The first step to receiving an honour is a cautious letter to those chosen asking if they would accept, should it be decided that they are offered it. Because of some mistake, my letter went to my parents’ house, and Father phoned me. ‘I’ve got a very official-looking letter here, boy,’ he said. ‘Have you been in trouble with the police or something?’
Anxiously, I asked him to open the envelope. He read me what the letter said and very nearly broke down. ‘A’s a great honour, a’s all I can say. A’s a great honour,’ he kept repeating.
Mother and Father had loved and bickered for nearly sixty years. They had never been separated, not even by the war, and I don’t think either of them could have contemplated life without the other.
I felt their loss in ways I would never have suspected. Once your parents die, if you are an only child there is no-one of your blood to lean on, to find refuge with, to go home to. There is inst
ead the naked and alarming feeling that you are next in line, there is no-one between you and mortality.

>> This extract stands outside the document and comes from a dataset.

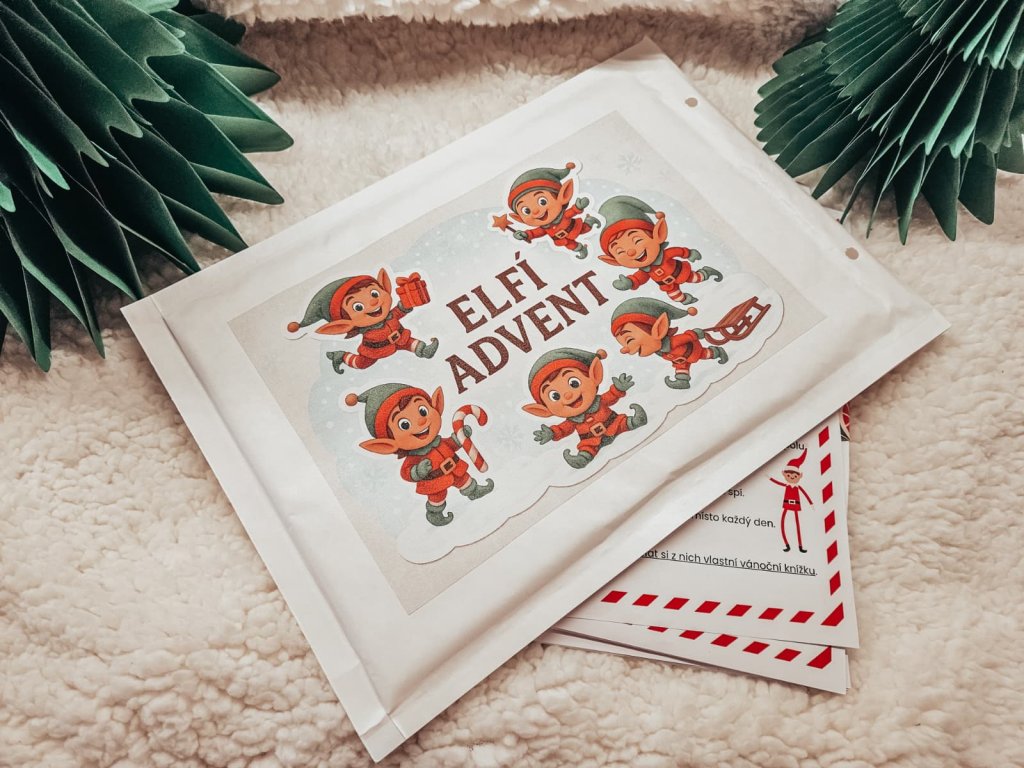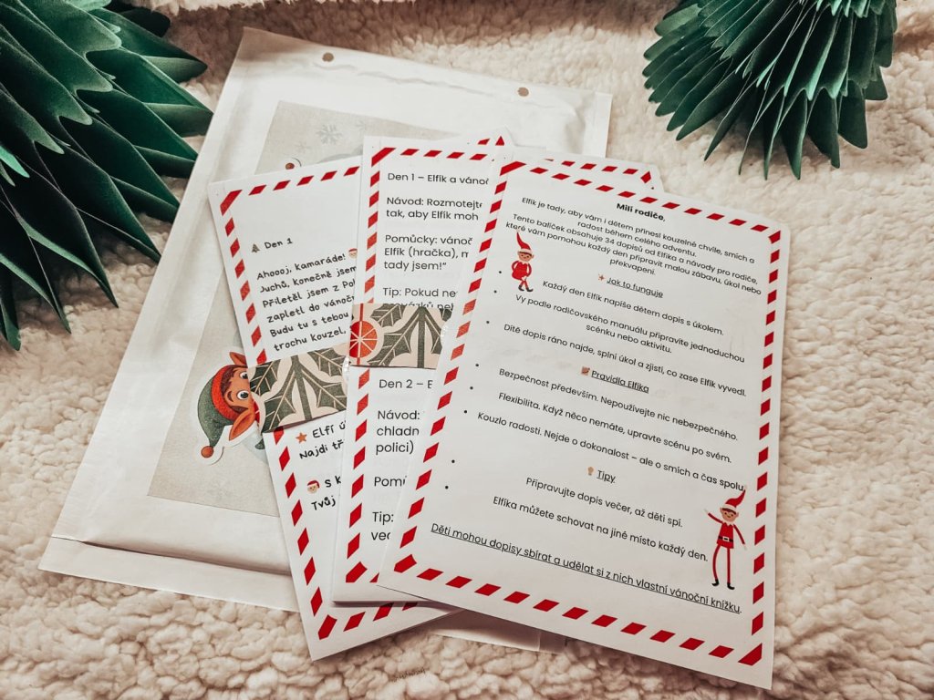 K tomu navyše dostanete listy od Elfíka na každý deň – každý list obsahuje krátky odkaz od Elfíka a jednoduchú úlohu pre deti, ktorá rozvíja fantáziu, radosť a vianočnú atmosféru.

In his later years, I learnt to love my father deeply all over again. I almost achieved the same with my mother; but I suppose we were too alike to find complete peace.
Chapter Four
The Peter Hall Company had started off with the idea that Alan Ayckbourn would be in partnership with me and do alternate productions. A big, large-cast play Alan wanted to direct was, however, turned down by Duncan Weldon as too expensive. Duncan was entirely within his rights, but he never fully explained his reasons to Alan, who resigned. He was a huge loss.
Thelma Holt was the producer for the Peter Hall Company. I love Thelma because she is quintessentially of the theatre. She trained as an actress, but fell into administration, and she had been with me at the National, where I was careful to give her a little empire of her own – including foreign tours and transfers – and let her get on with it. She is a noisy, one-woman band, not a collaborator. Duncan, at first, had grave reservations about employing her: producers don’t usually like other producers around. When, though, he found she took an absolute delight in getting stuck into crises, however unpleasant, he began to rely on her more and more.
Thelma is a born trouble-shooter. She will often, if there is no trouble to shoot, imagine some, so that she can go on shooting. She spent the first months of my association with Duncan telling me how difficult he was, while telling him how difficult I was. She was quite right in both instances. But it didn’t help. And the relationship between Duncan and me deteriorated. In the end, Thelma left to be on her own as an independent producer.